JG: If a shop questions the effectiveness of its tooling strategy, it can relatively easily test a new tool with the potential to quickly impact the bottom line. In contrast, emptying a machine, cleaning it and refilling with a new lubricant for testing could require a minimum of three machine hours. They find it hard to justify that time and work.

PM: What is your position on testing lubricants?

JG: As product manager at Hangsterfer’s Labs for more than 20 years, I’m firmly on the side of advocating testing. However, in my previous life as a shop owner (and manufacturing engineer and programmer), I had the added responsibility of ensuring the manufacturing process was profitable and sustainable. As the part or parts were being programmed, we were acutely aware of the machine time and the quoted time differences.

My partner (and brother) did most of the quoting and passed along the expected production time with the job trailer. When the jobs got to the operation planning stage, we would discuss whether to look to new technology to produce the parts for more reasonable profitability. We would review equipment and machining strategies and consider the most effective tooling.
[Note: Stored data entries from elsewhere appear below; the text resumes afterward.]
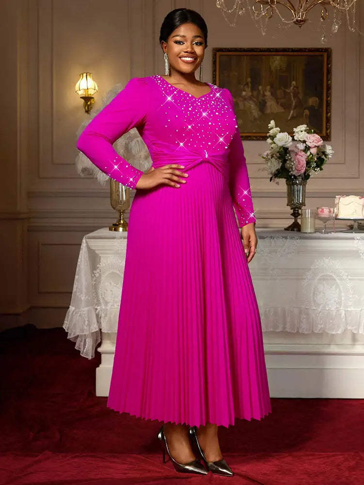 AOMEIDRESS Elegant Autumn A LIne Pleated Bead Dress for Party Wedding - Rose / S is backordered and will ship as soon as it is back in stock.
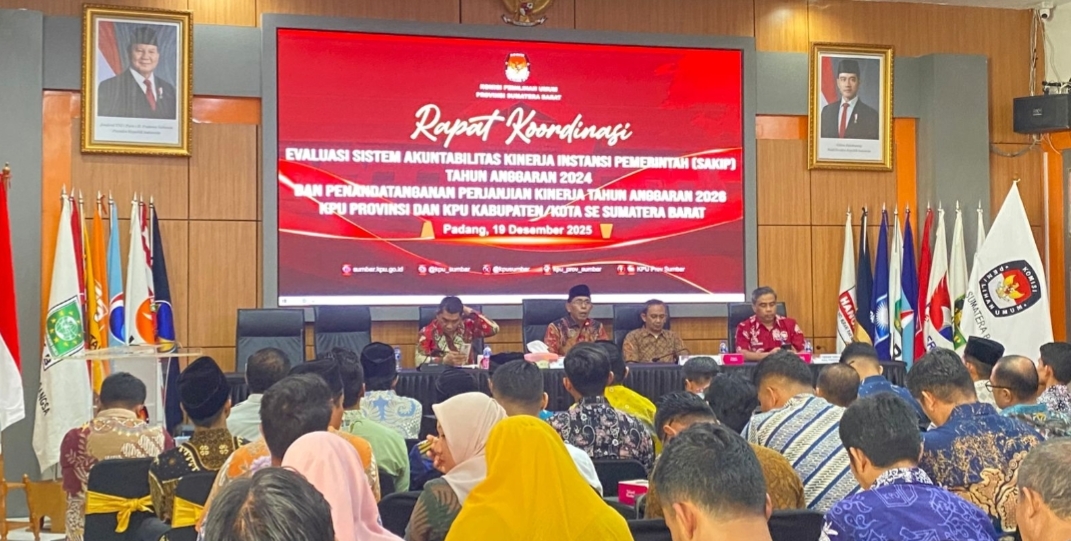 PADANG -Komisi Pemilihan Umum (KPU) Provinsi Sumatera Barat (Sumbar) menggelar Rapat Koordinasi Evaluasi Sistem Akuntabilitas Kinerja Instansi Pemerintah (SAKIP) Tahun Anggaran 2024 serta Penandatanganan Perjanjian Kinerja Tahun Anggaran 2026 KPU Provinsi dan KPU Kabupaten/Kota se-Sumatera Barat, di Aula KPU Sumbar, Padang, Kamis (19/12/2025).
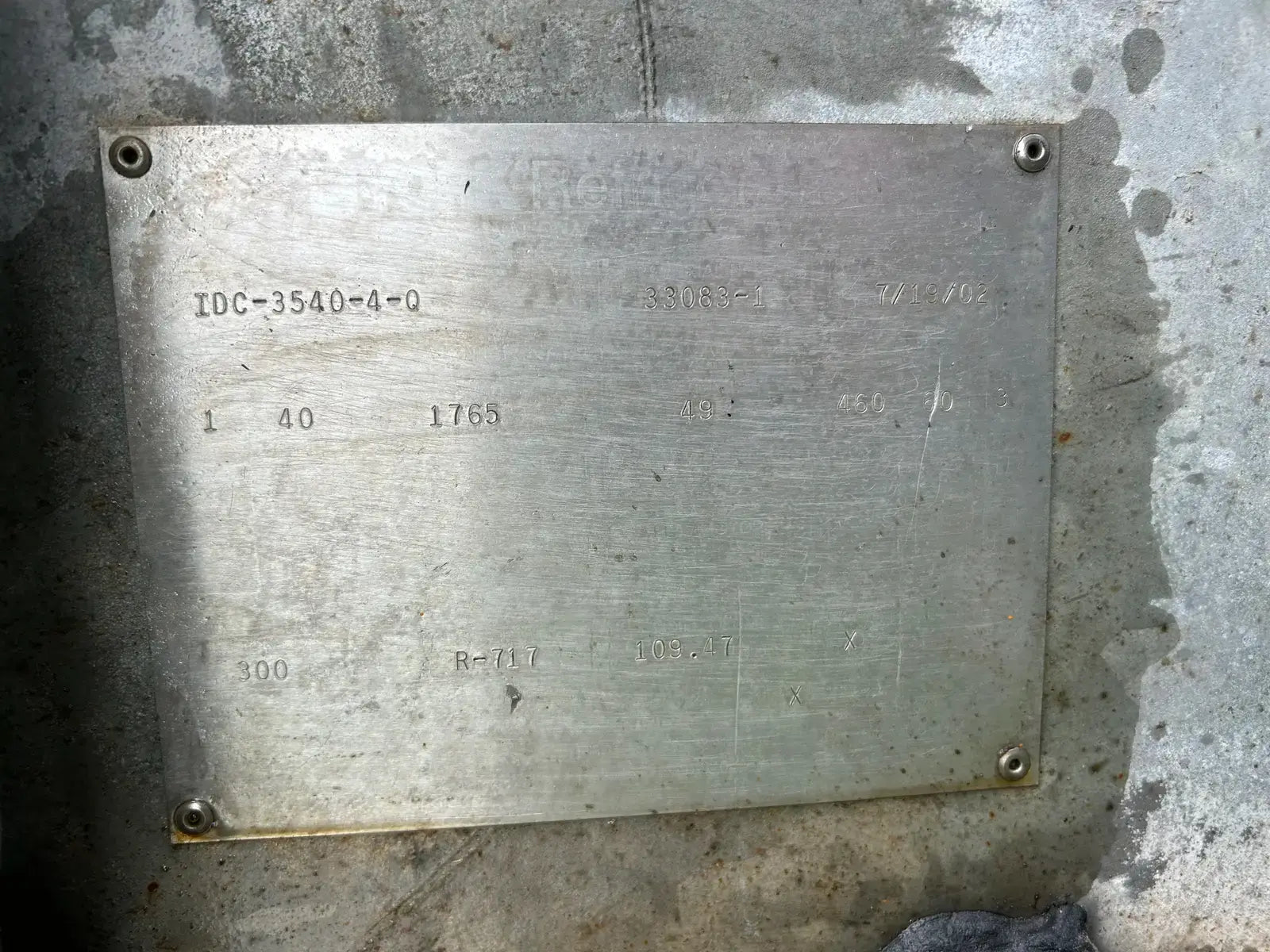 Frick IDC Series Single Ammonia Evaporative Condenser. Model: IDC-3540-4-Q. Serial No: 33083-1. Design Pressure: 300. Refrigerant: R-717(Ammonia). Coil Volume: 27.35. Nominal Tons: 885 TR. Ammonia Tons (R-717): 627.65 TR.
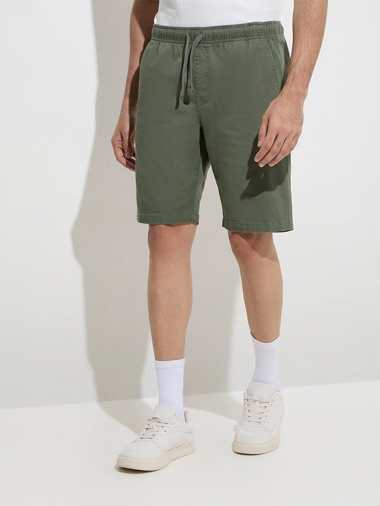 WES Casuals Olive Relaxed-Fit Mid-Rise Cotton-Blend Shorts
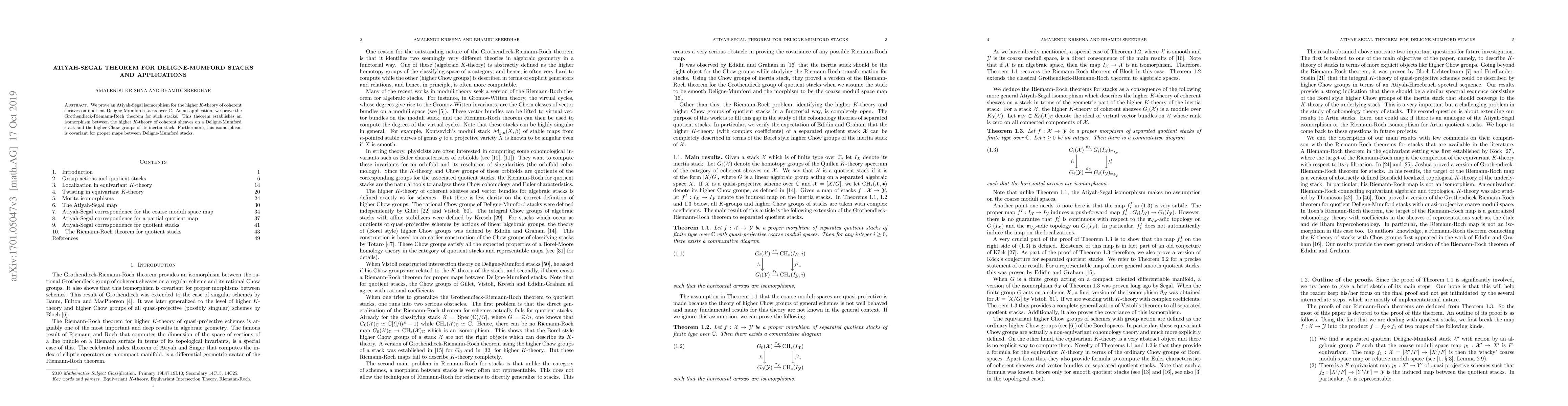 We prove an Atiyah-Segal isomorphism for the higher $K$-theory of coherent sheaves on quotient Deligne-Mumford stacks over $\C$. As an application, we prove the Grothendieck-Riemann-Roch theorem for such stacks. This theorem establishes an isomorphism between the higher $K$-theory of coherent sheaves on a Deligne-Mumford stack and the higher Chow groups of its inertia stack. Furthermore, this isomorphism is covariant for proper maps between Deligne-Mumford stacks.

But the lubricant was a constant.

Often, cycle time did not come into question until a part was successfully produced on the machine. Once the programming system provided a cycle time, if it was not sufficient or if we could not achieve acceptable tool life, we would begin looking at other tooling alternatives. Unfortunately, we continued to overlook the effects of the lubricant.

We later discovered that the biggest improvements in cycle time, tool life and overall part quality came with adjustments to the lubricant. Looking at alternative coolants and oils became part of our cycle optimization procedure.

PM: Is there a specific example that sold you on the idea of considering alternative coolants while being a shop owner?

JG: The head turner was a titanium job (TI6AL) that required face milling, then a finish end mill operation. The lube netted one pass of the face mill, which had a six-insert, high double-angle positive rake for our 7-hp spindle. We had a critical issue because the cost of the inserts, while they were correct for the operation, was higher than what was quoted for the entire job. The cutter seemed the best that our machine could handle. Our only option was to consider a new coolant or lube.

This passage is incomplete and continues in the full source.